===== EXTRACTED MATERIAL =====
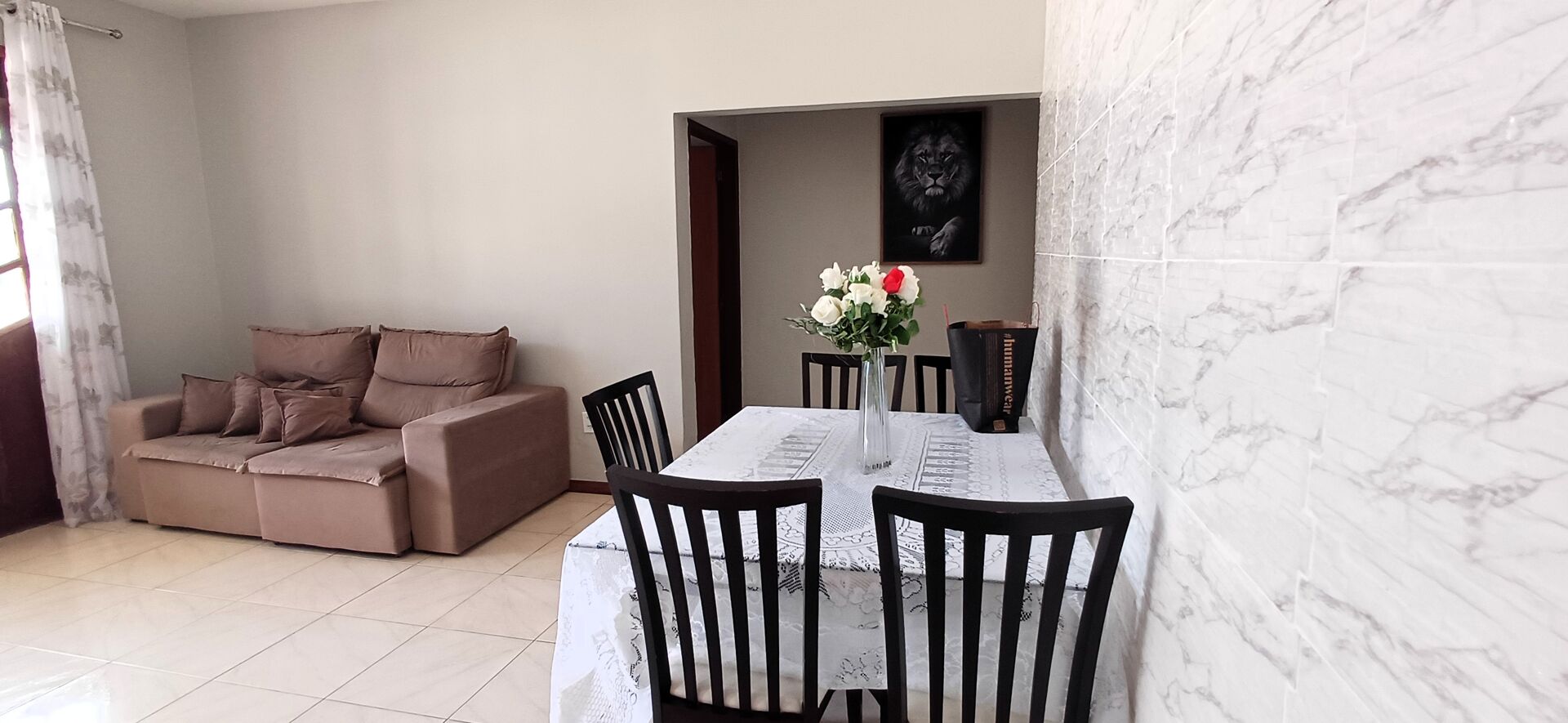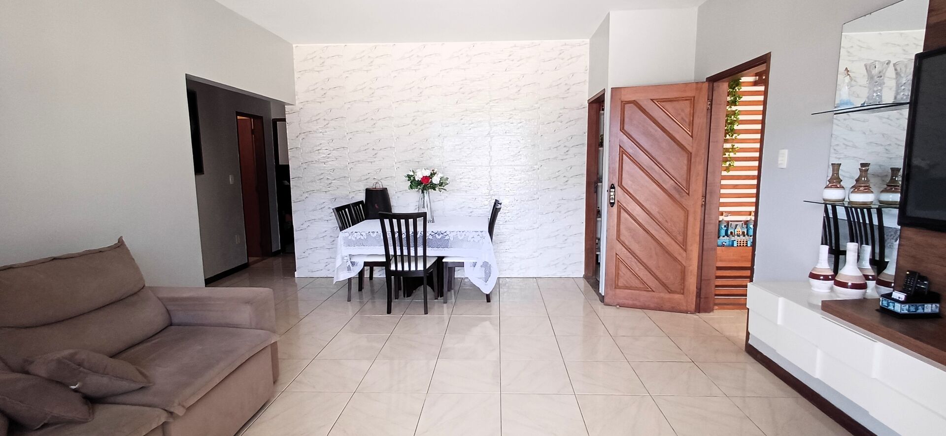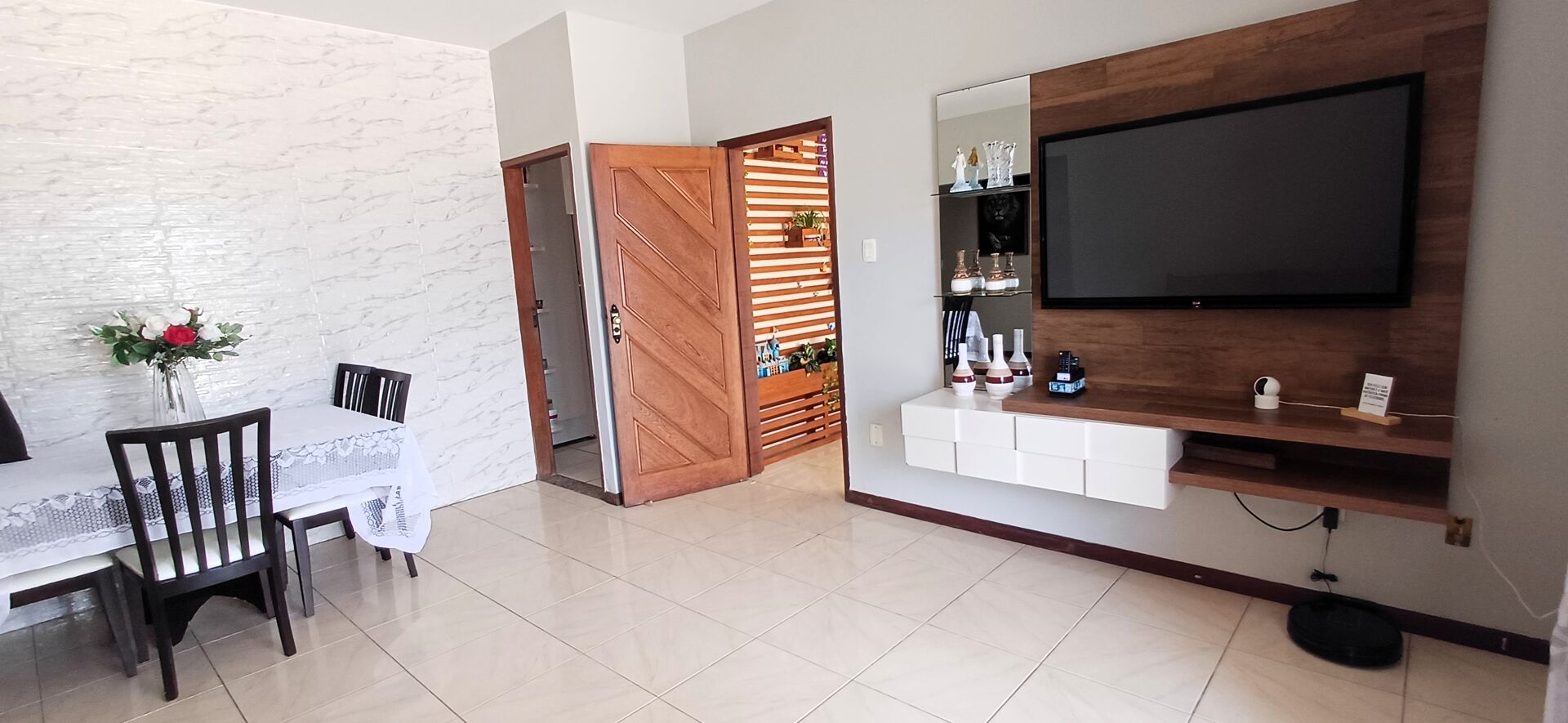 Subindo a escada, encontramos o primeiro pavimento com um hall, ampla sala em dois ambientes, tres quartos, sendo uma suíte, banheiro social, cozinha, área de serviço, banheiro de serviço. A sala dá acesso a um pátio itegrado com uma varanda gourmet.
=====
===== EXTRACTED MATERIAL =====
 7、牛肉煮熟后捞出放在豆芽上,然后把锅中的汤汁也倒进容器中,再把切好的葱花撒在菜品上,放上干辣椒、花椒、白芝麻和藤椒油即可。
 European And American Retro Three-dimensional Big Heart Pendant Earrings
=====
== PROBLEM STATEMENT ==
Scan the lines above for "7、牛肉煮熟后捞出放在豆芽上" and for "European And American". Repeat exactly the line holding each of them and every line in between.

== ANSWER TO THE PROBLEM ==
 7、牛肉煮熟后捞出放在豆芽上,然后把锅中的汤汁也倒进容器中,再把切好的葱花撒在菜品上,放上干辣椒、花椒、白芝麻和藤椒油即可。
 European And American Retro Three-dimensional Big Heart Pendant Earrings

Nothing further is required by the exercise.